● **WORK TASK**
Could each entry below be written out exactly, with every picture dropped?

● **Source data**

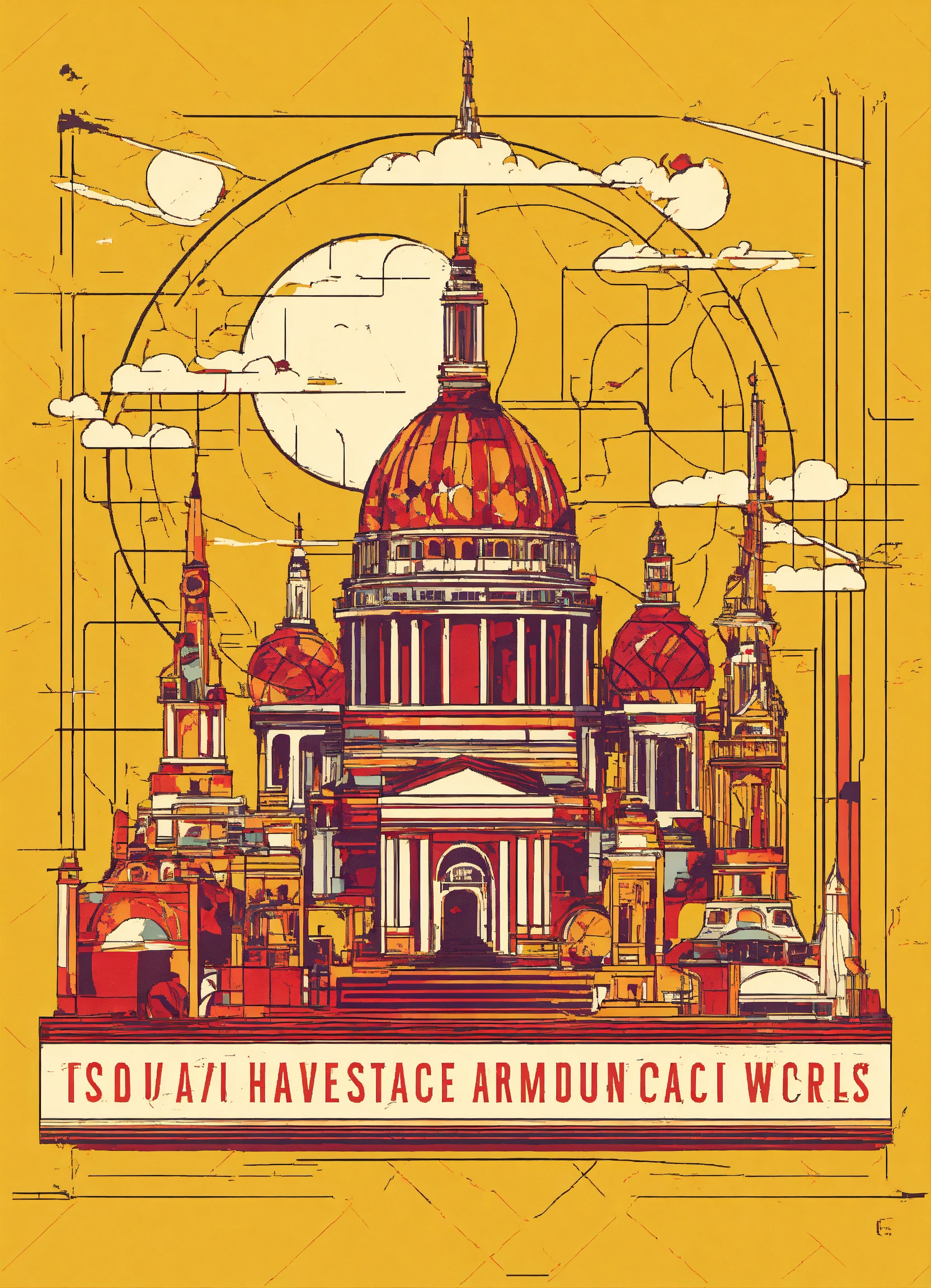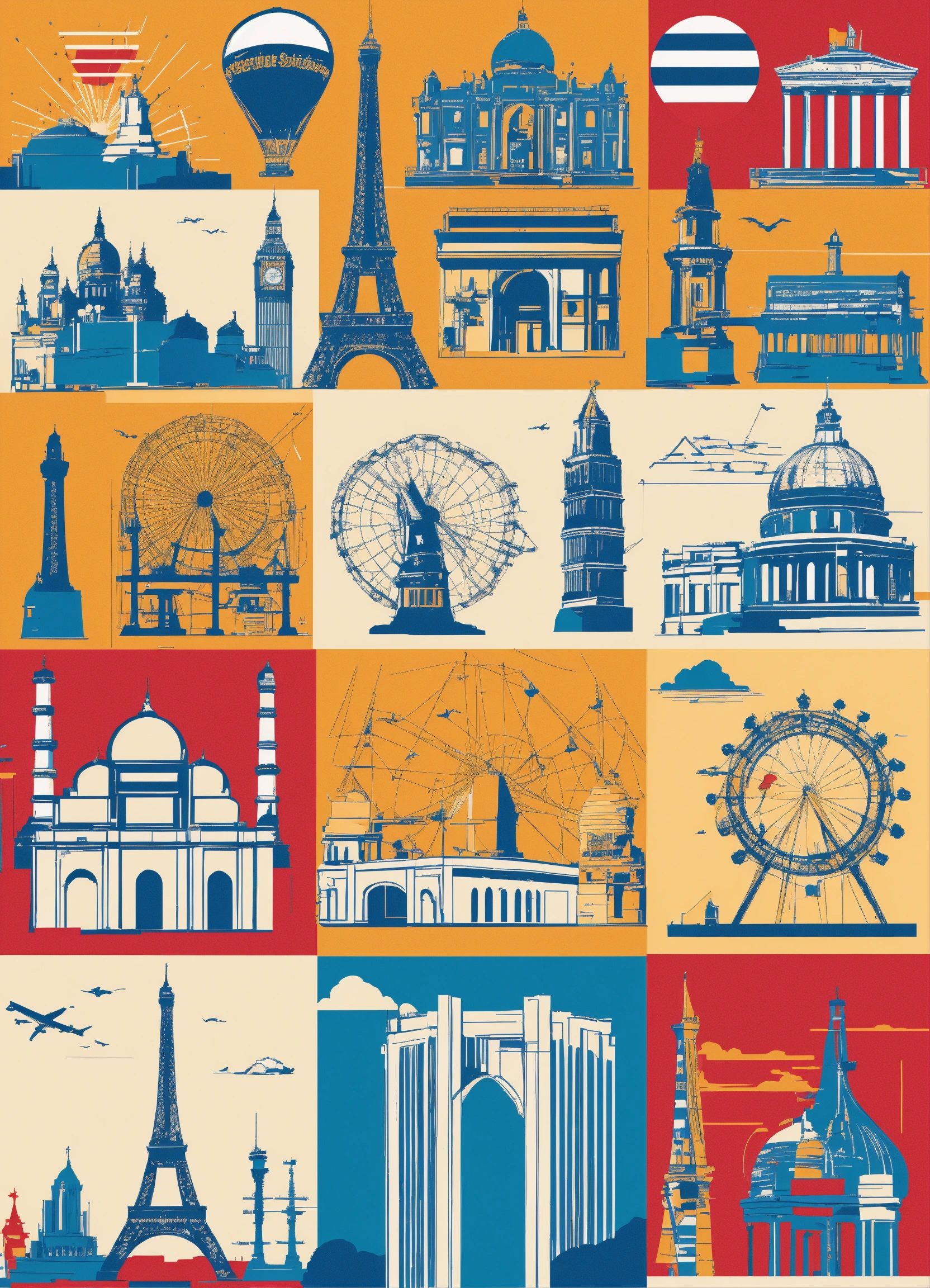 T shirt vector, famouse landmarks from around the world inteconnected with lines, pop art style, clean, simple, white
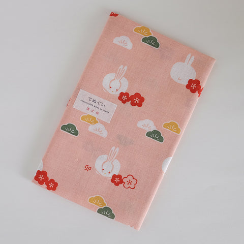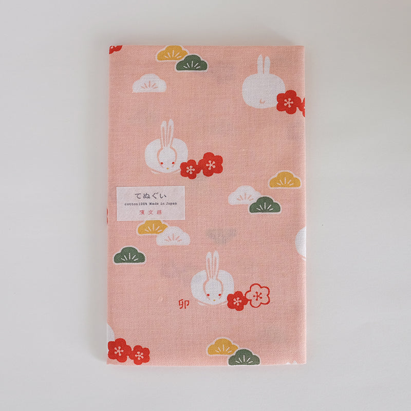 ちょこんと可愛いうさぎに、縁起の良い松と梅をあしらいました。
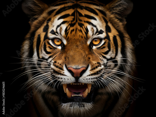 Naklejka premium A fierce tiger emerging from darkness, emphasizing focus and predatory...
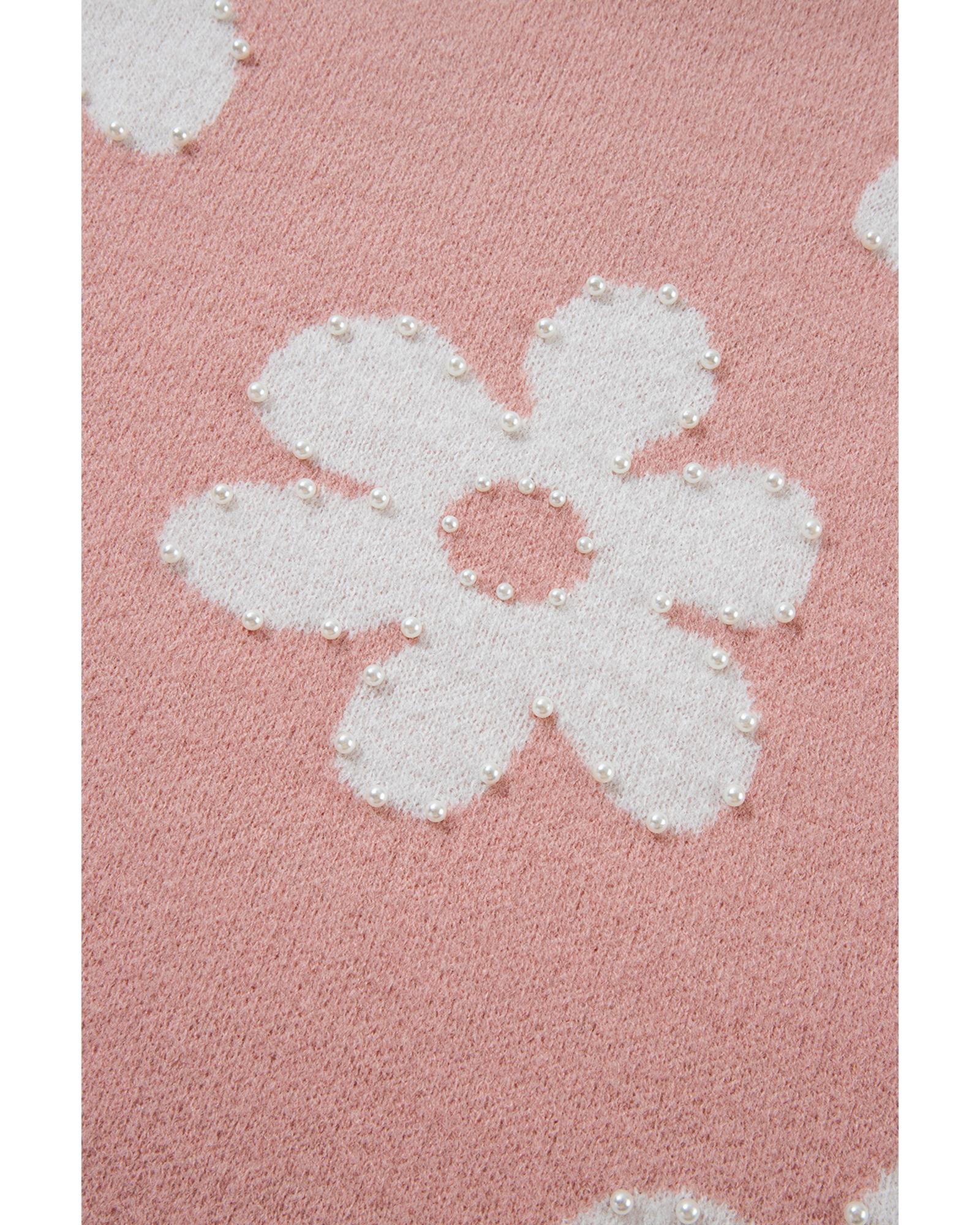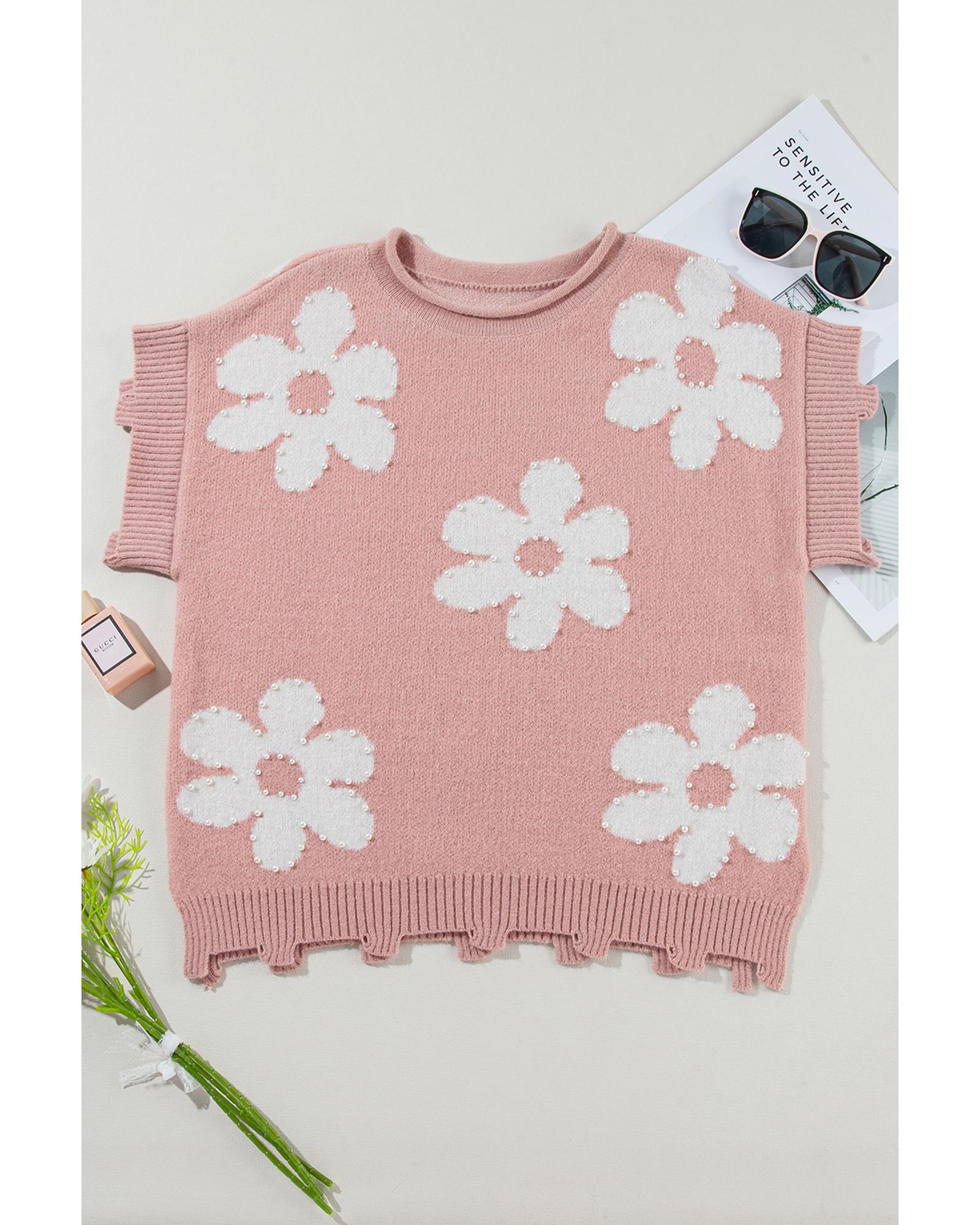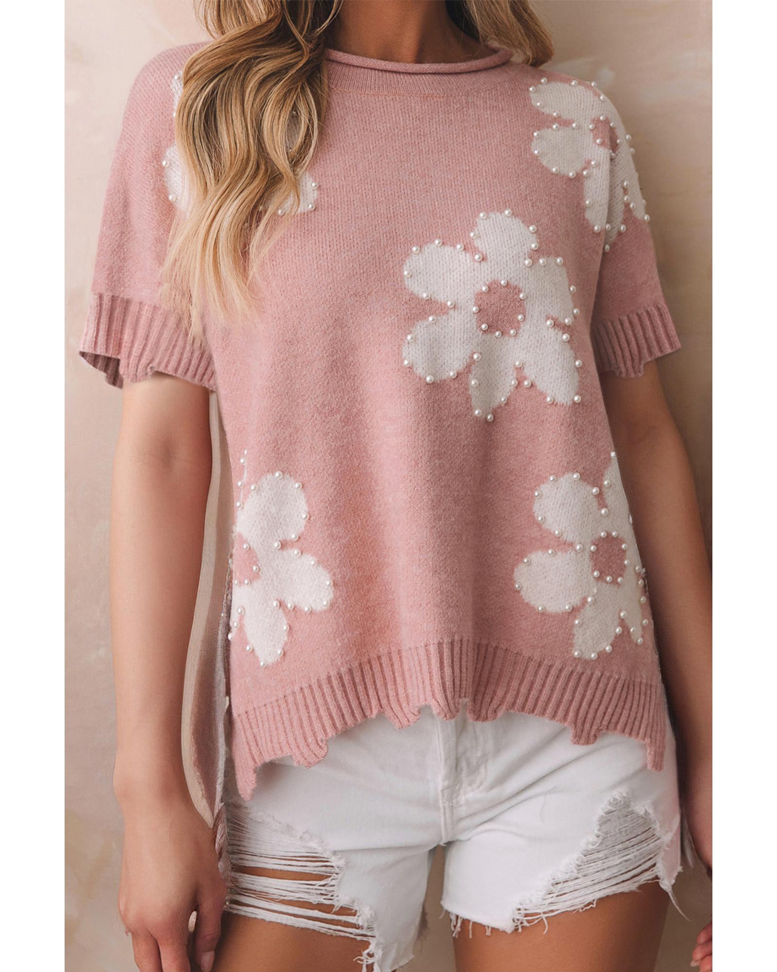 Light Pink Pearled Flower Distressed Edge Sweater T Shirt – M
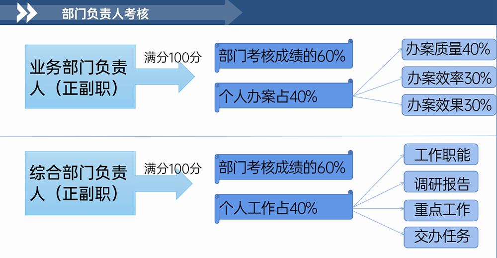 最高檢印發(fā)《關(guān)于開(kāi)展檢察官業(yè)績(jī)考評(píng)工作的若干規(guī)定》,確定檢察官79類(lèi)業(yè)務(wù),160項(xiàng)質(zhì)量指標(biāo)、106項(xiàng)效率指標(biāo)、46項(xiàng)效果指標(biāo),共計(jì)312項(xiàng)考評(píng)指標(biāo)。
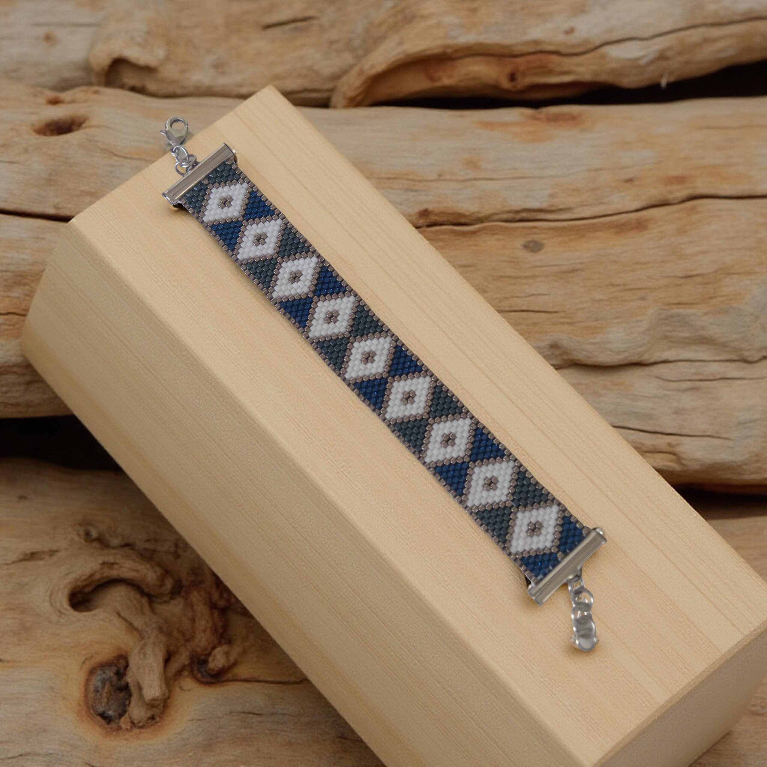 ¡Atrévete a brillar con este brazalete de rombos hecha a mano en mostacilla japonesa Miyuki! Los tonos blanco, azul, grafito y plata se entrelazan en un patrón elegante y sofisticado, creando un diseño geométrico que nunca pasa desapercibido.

● **SOLUTION TO THIS TASK**
 T shirt vector, famouse landmarks from around the world inteconnected with lines, pop art style, clean, simple, white
 ちょこんと可愛いうさぎに、縁起の良い松と梅をあしらいました。
 Naklejka premium A fierce tiger emerging from darkness, emphasizing focus and predatory...
 Light Pink Pearled Flower Distressed Edge Sweater T Shirt – M
 最高檢印發(fā)《關(guān)于開(kāi)展檢察官業(yè)績(jī)考評(píng)工作的若干規(guī)定》,確定檢察官79類(lèi)業(yè)務(wù),160項(xiàng)質(zhì)量指標(biāo)、106項(xiàng)效率指標(biāo)、46項(xiàng)效果指標(biāo),共計(jì)312項(xiàng)考評(píng)指標(biāo)。
 ¡Atrévete a brillar con este brazalete de rombos hecha a mano en mostacilla japonesa Miyuki! Los tonos blanco, azul, grafito y plata se entrelazan en un patrón elegante y sofisticado, creando un diseño geométrico que nunca pasa desapercibido.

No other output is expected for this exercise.